An All Time Great
T.C.A. Srinivasa Raghavan
THE GENERAL THEORY OF EMPLOYMENT, INTEREST AND MONEY by John Maynard Keynes Palgrave Macmillan, London, first published in 1936, , pp.,
January 2016, volume 40, No 1

Usually, when the editors of this jour nal ask me to write something, I decline. But this time I had to accept because they asked me to write something about the most influential writer in economics in the 20th century. It was—as the Americans say—a no-brainer because there is only man who fits the bill: John Maynard Keynes, who stands out by a mile. To me, he was as much an economist as a very deft political thinker.

Keynes is to the 20th and 21st centuries what Karl Marx was to the 19th. If Marx changed the way politicians thought about economics, Keynes changed the way economists thought about politics. Never, as Winston Churchill said in a rather more prosaic context, have so many owed so much to just two people. Marx exposed capitalist greed; Keynes showed governments how to mitigate its effects. It is a testimony to their ideas that their ghosts are well and alive in the 21st century. If true greatness lies in changing the way societies view their problems, then Marx and Keynes rank in the top ten. But there is a difference: Marxism failed. Keynesianism hasn’t. Reason: while both assigned a leading role to the state, the nature of that role differed vastly. One wanted private property abolished; the other merely wanted it to be given a helping hand when it faltered.

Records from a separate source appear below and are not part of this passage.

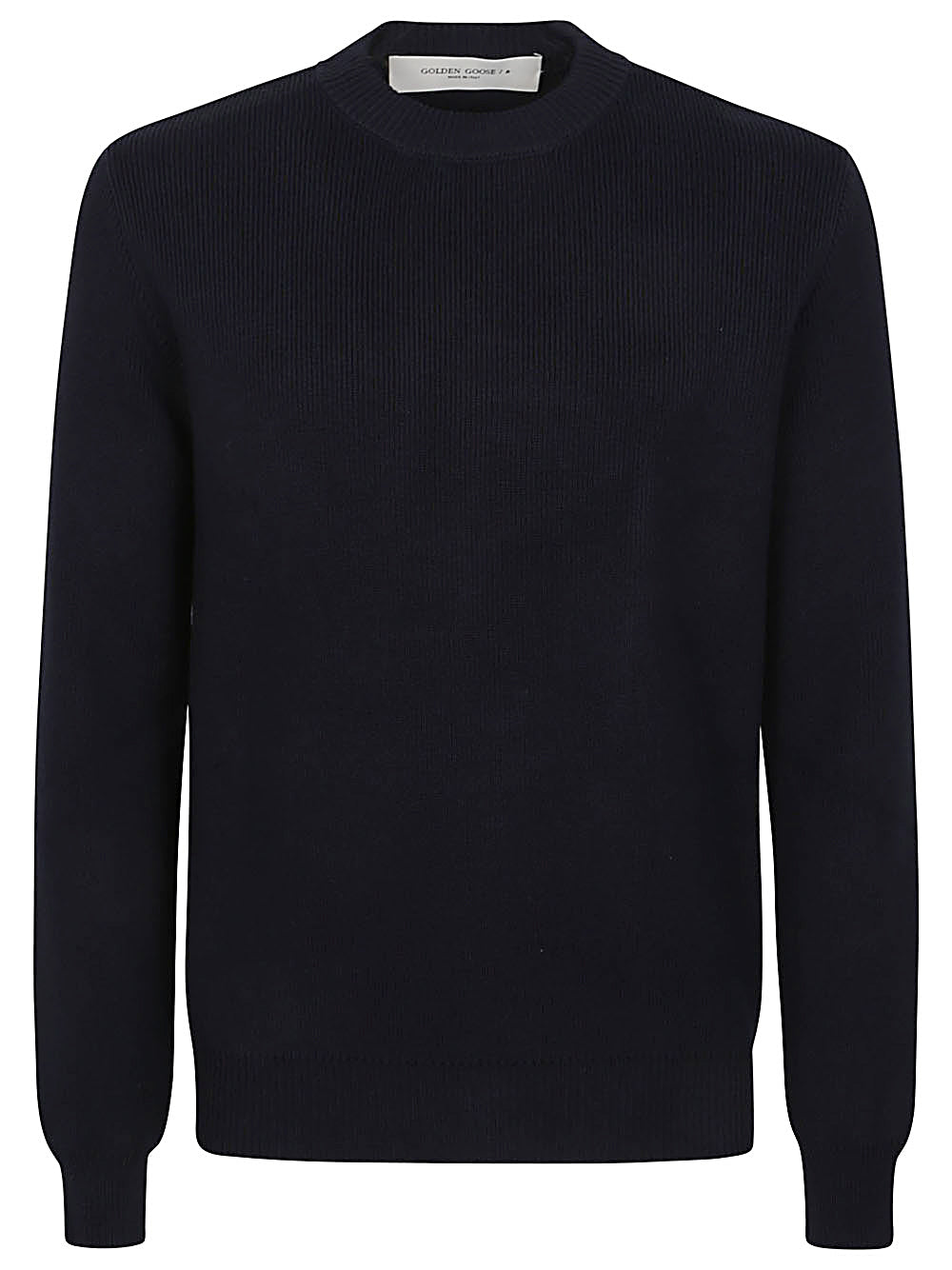 Dark blue cotton-blend ribbed-knit crew-neck jumper from Golden Goose featuring knitted construction, ribbed knit, logo patch to the rear, crew neck, long sleeves, logo patch at the sleeve, straight hem and ribbed-knit edge.
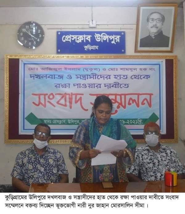 সংবাদ সম্মেলনের লিখিত বক্তব নুর জাহান মোরসালিন সীমা (৪৩) জানান, ২০১২ সালের ২৯ মে উপজেলার হাতিয়া ইউনিয়নের নতুন অন্তপুর গ্রামের মামা শ্বশুর আমিরুল ইসলাম চাঁদ ও মহিউল ইসলাম সাজুর কাছ থেকে তিনি ২৬ শতক জমি ক্রয় করেন। এরপর নিয়ম অনুযায়ী ওই জমি খারিজ করে নিজ নামে নেন। তারপর থেকে বসবাস করে আসছেন।
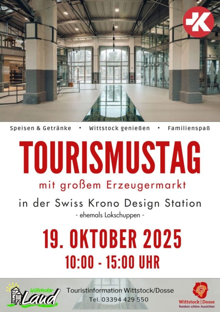 Von 10 bis 15 Uhr können Sie in der Swiss Krono Design Station, ehemals Lokschuppen, verschiedene touristische Angebote sowie eine große Vielfalt an regionalen Erzeugern aus unserer Region und dem benachbarten Mecklenburg-Vorpommern kennenlernen. Leckerer Kuchen, regionale Produkte und Ausflugziele für den nächsten Kurztrip warten darauf, direkt vor Ort probiert und entdeckt zu werden. Für unsere kleinen Gäste ist der Spaß mindestens durch die Hüpfburg vorprogrammiert.

Just as political scientists have waxed eloquent on Marx’s Das Kapital, economists have waxed eloquent on Keynes’ General Theory of Employment, Interest and Money which was published in 1936. The former led to evocative slogans like ‘We must change the world, not explain it’. The latter took the opposite route: let’s explain the world and leave it to change itself, which it did. The Marx-inspired experiment of Communism failed; the Keynes inspired welfare model has gone from strength to strength. Clearly, Keynes had what it takes when it came to persuading societies to look at things differently.